Note: When a procurement or engineering specification lists “8407,” verify whether it references a Swedish Standards Institute (SS) number, a supplier grade, or a cross-reference to a recognized EN/AISI grade.

2. Chemical Composition and Alloying Strategy

Below is a table presenting the key alloying elements commonly cited for AISI H13, and a note column for 8407 due to variability of national/supplier specifications. Always confirm 8407’s exact composition from the issuing standard or mill certificate.

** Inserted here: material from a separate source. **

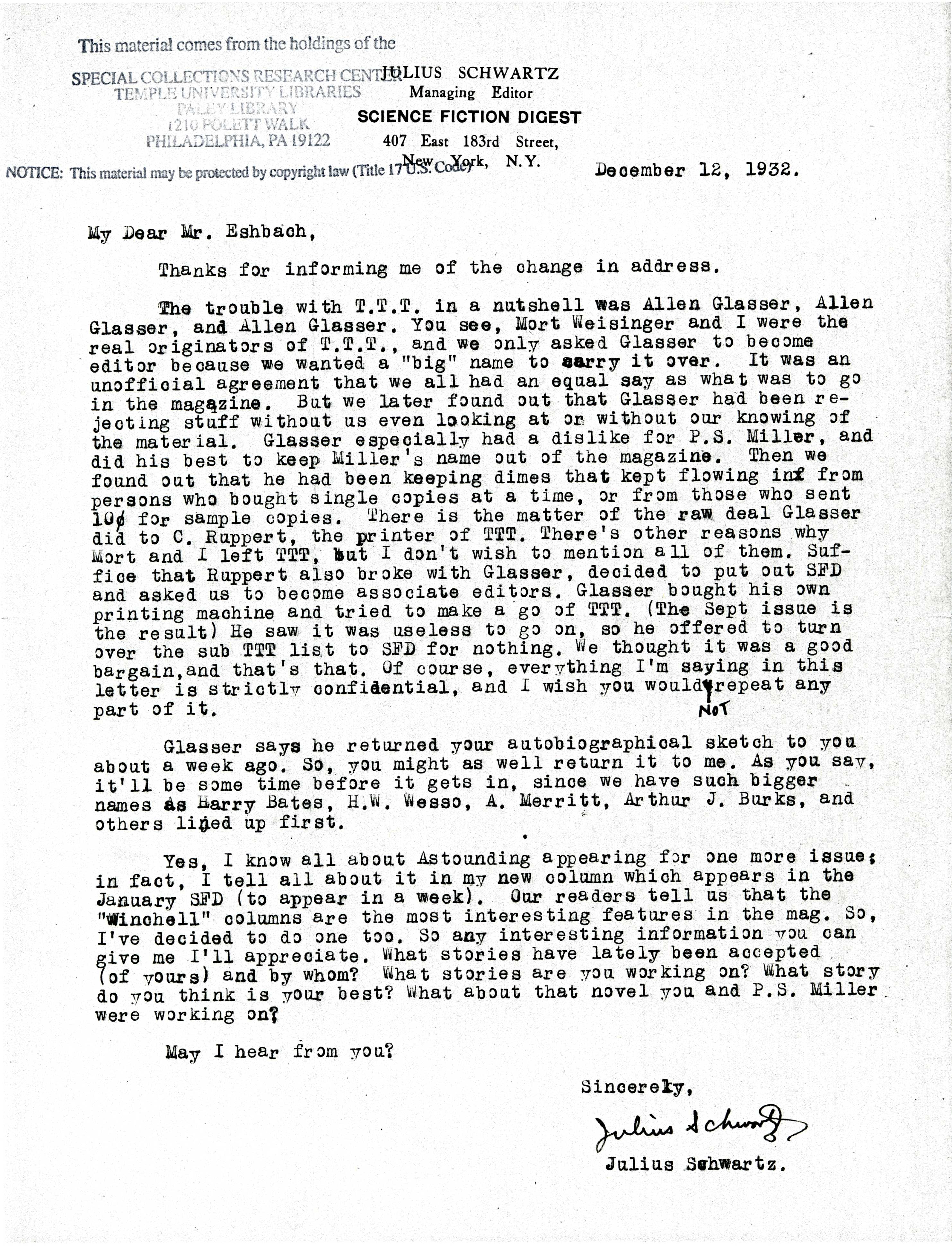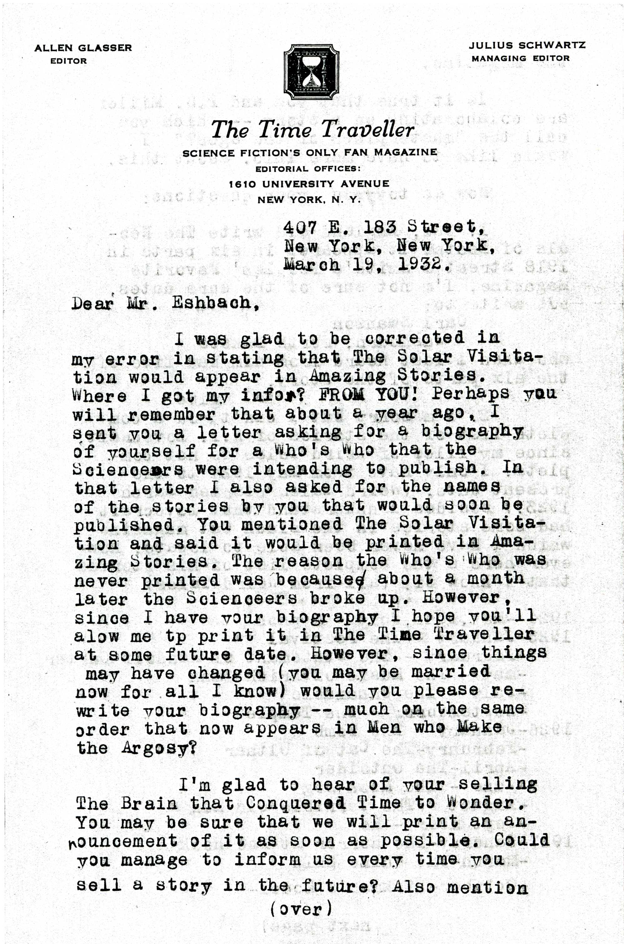 This early letter from Schwartz is undated, but it’s approximate origin is suggested in a March 19, 1932 letter to Eshbach, apparently in response to an Eshbach missive sent to The Time Traveler commenting on a column in the magazine.

Element	H13 (typical/spec range)	8407 (Swedish designation)
C (Carbon)	0.32 – 0.45 wt%	Supplier/standard dependent — often specified to achieve H13-like hardenability
Mn (Manganese)	0.20 – 0.50 wt%	Variable; check grade sheet
Si (Silicon)	0.80 – 1.20 wt%	Variable
P (Phosphorus)	≤ 0.030 wt%	Typical low-S/P limits per tool-steel practice
S (Sulfur)	≤ 0.030 wt%	Typical low-S/P limits per tool-steel practice
Cr (Chromium)	4.75 – 5.50 wt%	May be similar; verify exact chromium content
Ni (Nickel)	≤ 0.30 wt%	Usually minimal or absent
Mo (Molybdenum)	1.10 – 1.75 wt%	May be comparable to H13 to maintain hot strength
V (Vanadium)	0.80 – 1.20 wt%	May be comparable; can vary with carbide strategy
Nb (Niobium)	—	Rare in classic H13; some Swedish variants may include microalloying
Ti (Titanium)	—	Typically not a primary alloying element for H13
B (Boron)	—	Not standard in H13; trace in some alloys for hardenability control
N (Nitrogen)	—	Not a controlled alloying element for H13

Explanation of alloying strategy: - Carbon sets baseline hardness and strength and controls carbide formation. - Chromium provides hardenability, high-temperature strength, and oxidation resistance. - Molybdenum and vanadium form hard carbides that improve high-temperature strength, wear resistance, and temper resistance. - Silicon supports strength and oxidation resistance at elevated temperatures. - Small differences in Cr, Mo, and V between national specs can shift hardenability and secondary hardness characteristics; thus a Swedish 8407 with slightly different limits can show measurable differences in temper response or carbide distribution compared to H13.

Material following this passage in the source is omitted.